The image above shows that some jobs are executed sequentially, while others like the setup environment jobs are executed in parallel. When constructing a pipeline you should try to define as much jobs in parallel as possible to reduce the execution time.

The corresponding webpage for pipeline eight was:

Application server overview

The corresponding webpage for step seven was:

Application server overview D and T

Speed

Creating this deployment pipeline was quite easy as I was already familiar with Jenkins. So within a short amount of time the complete solution was created and the application could be deployed. Also the execution of the Jenkins jobs is completed within seconds or less. The only slower jobs are the removal of the docker containers and images and the creation of the base image. That is mainly due to my testing setup, this setup throws away all containers and images information and needs to download the resources again. So the ‘Setup general Docker container’ needs to download a Ubuntu image, JDK, Tomcat and install everything.
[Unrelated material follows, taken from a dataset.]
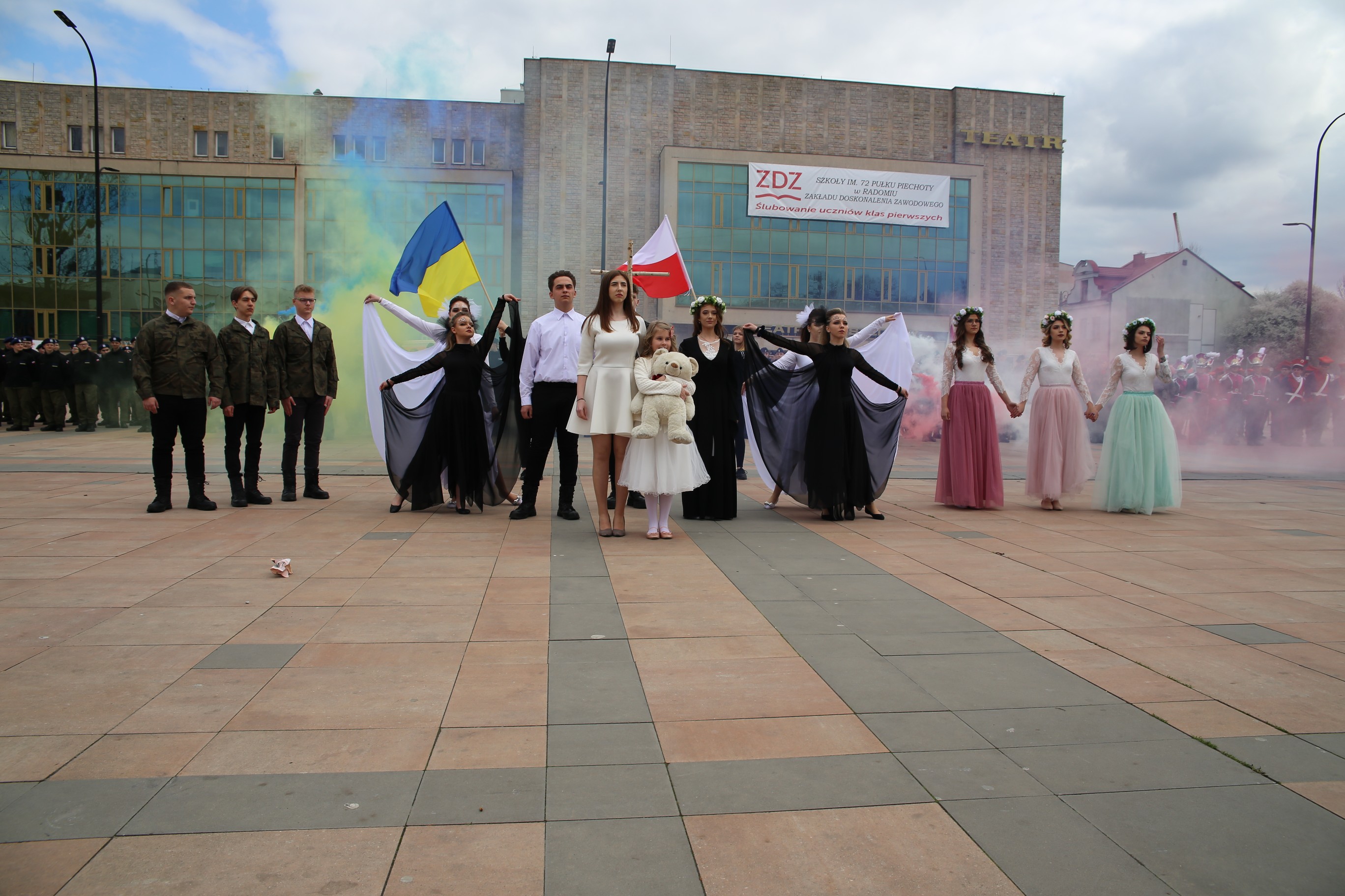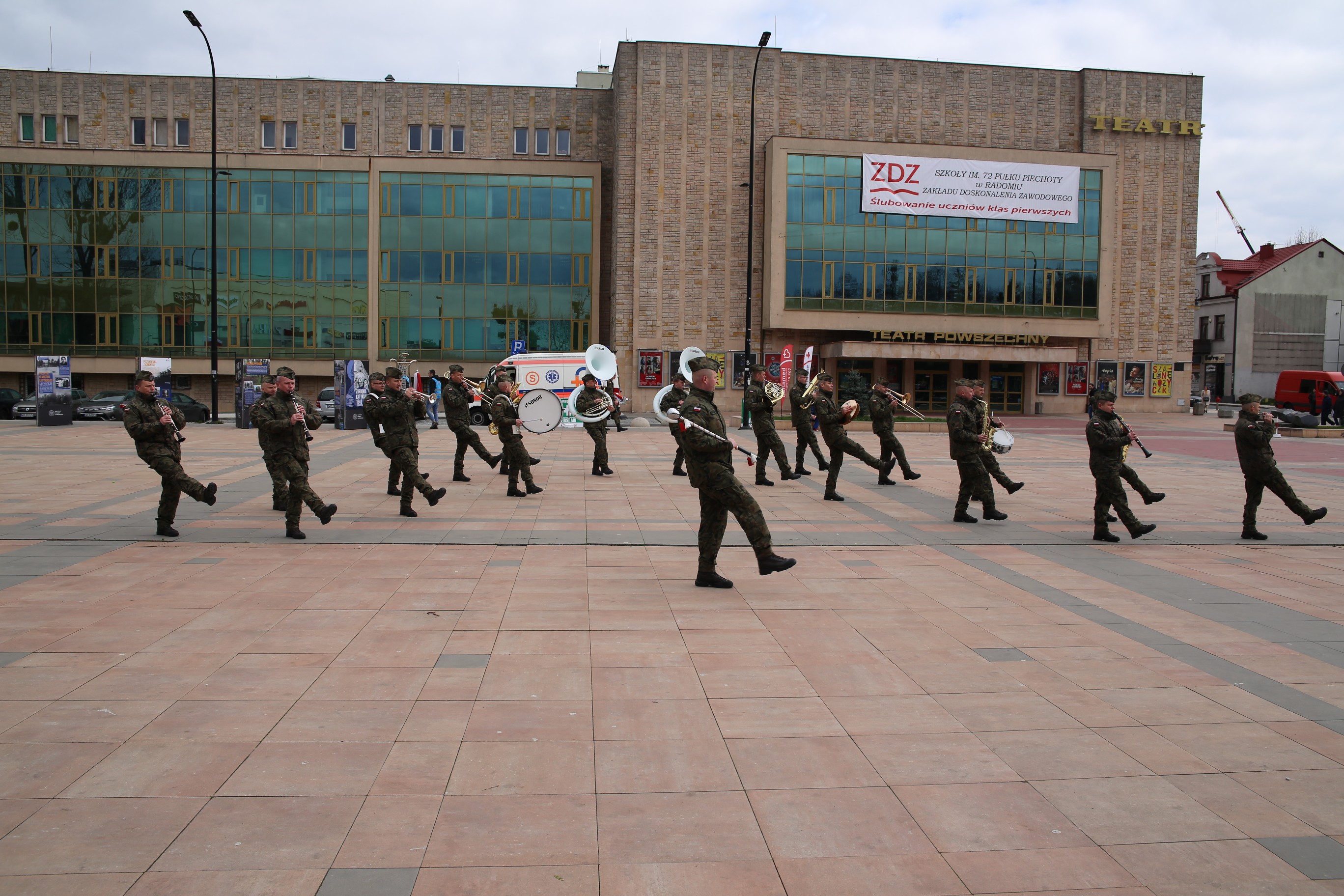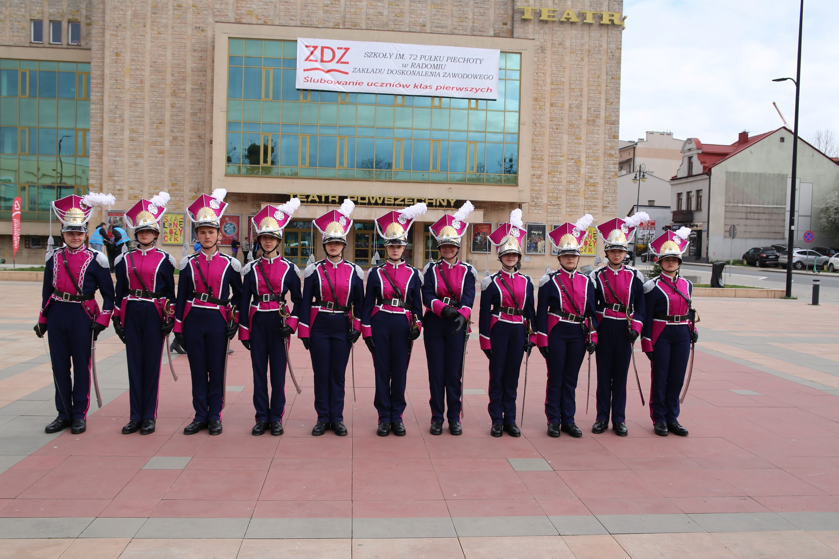 W tym roku przypada 75-lecie Stowarzyszenia Zakład Doskonalenia Zawodowego i 30-lecie działalności edukacyjnej. Akcentów tych nie mogło zabraknąć podczas XII Ślubowania Uczniów Pierwszych Klas Szkół im. 72 Pułku Piechoty w Radomiu, które odbyło się 22 kwietnia 2022 r. Jeden z najważniejszych dni w życiu szkoły rozpoczął się przy pomniku Patrona, 72 Pułku Piechoty, w związku z jeszcze jednym ważnym jubileuszem - 100. rocznicą przybycia do Radomia. Swoją obecnością uroczystość tę uświetniła po raz pierwszy goszcząca w Radomiu Orkiestra Reprezentacyjna Komendy Głównej Policji. Była okazja, by przypomnieć historię 72 PP, przede wszystkim godnie uczcić pamięć żołnierzy i oficerów, którzy zapisali wiele pięknych kart w historii Radomia, a przede wszystkim na polu walk o wolność Ojczyzny. Delegacje złożyły kwiaty. Organizatorem spotkania było Stowarzyszenie Rodzin Żołnierzy i Sympatyków 72 Pułku Piechoty. Następnie w Kościele Garnizonowym, w południe, odprawione zostało nabożeństwo w intencji całej społeczności szkolnej, któremu przewodniczył ks. proboszcz mjr Łukasz Józef Hubacz. Po zakończeniu mszy nastąpiła druga odsłona uroczystości - przemarsz na Plac Jagielloński, gdzie miał miejsce ceremoniał ślubowania młodzieży na sztandar szkoły. Licznie zgromadzeni obserwatorzy, wśród których byli rodzice i mieszkańcy Radomia, mieli możliwość uczestniczenia w jedynym takim wydarzeniu. Stało się tak również za sprawą obecności znamienitych Gości, wśród których byli m.in. Paweł Dycht, przedstawiciel Ministerstwa Obrony Narodowej i osobiście wiceministra Wojciecha Skurkiewicza, poseł Andrzej Kosztowniak, przedstawiciele służb mundurowych oraz władz Radomia: pierwszy zastępca prezydenta Radomia Jerzy Zawodnik i wiceprezydent Katarzyna Kalinowska Uroczystość zaszczycili swoją obecnością: reprezentacja Komendy Mazowieckiej i Miejskiej Policji w Radomiu, Regionalnego Centrum Informatyki w Krakowie, 42 Bazy Lotnictwa Szkolnego w Radomiu, Wojskowej Komendy Uzupełnień, Wojsk Obrony Terytorialnej, Komendy Miejskiej Państwowej Straży Pożarnej, środowiska kombatanckie. W uznaniu dotychczasowego dorobku, Szkoła została uhonorowana okolicznościowymi odznaczeniami i listami gratulacyjnymi. Podziękowania złożyła dyrektor szkoły Katarzyna Kołodziejska, życząc ślubującej młodzieży, by lata nauki były czasem zdobywania kwalifikacji zawodowych, ale też młodzieńczą przygodą. Jak zawsze, ogromne wrażenie zrobiły pokazy umiejętności zawodowych i artystycznych uczniów, przygotowane przez klasy fryzjerskie i kompanię reprezentacyjną klas mundurowych. W programie nie zabrakło widowiskowej defilady pododdziałów. Oprawę muzyczną ślubowania zapewniła Orkiestra Wojskowa z Radomia Na koniec czekał na wszystkich poczęstunek żołnierską grochówką.

That’s still achieved in less than four minutes with a 20 Mbit/s internet connection.

The script was later adjusted so the containers are only stopped, the containers and images are no longer removed. This resulted in the pipeline below which shows that the complete pipeline is executed within 30 seconds. This Docker solution is remarkably quick and quite a competitor for the traditional virtual machines.

Jenkins Build Pipeline Plugin without removing resources

Next steps

Of course, this is a quick way to show the integration between Jenkins and Docker, but the scenario is far from realistic. In a real environment one would use a complete build environment using tools like Sonar, Nexus, Git and lots of testing tools like Fitnesse, Selenium, JMeter etc. Those tools should be integrated in the deployment pipeline to ensure only software that meets the standards is deployed to production. Those tools should of course run in Docker containers!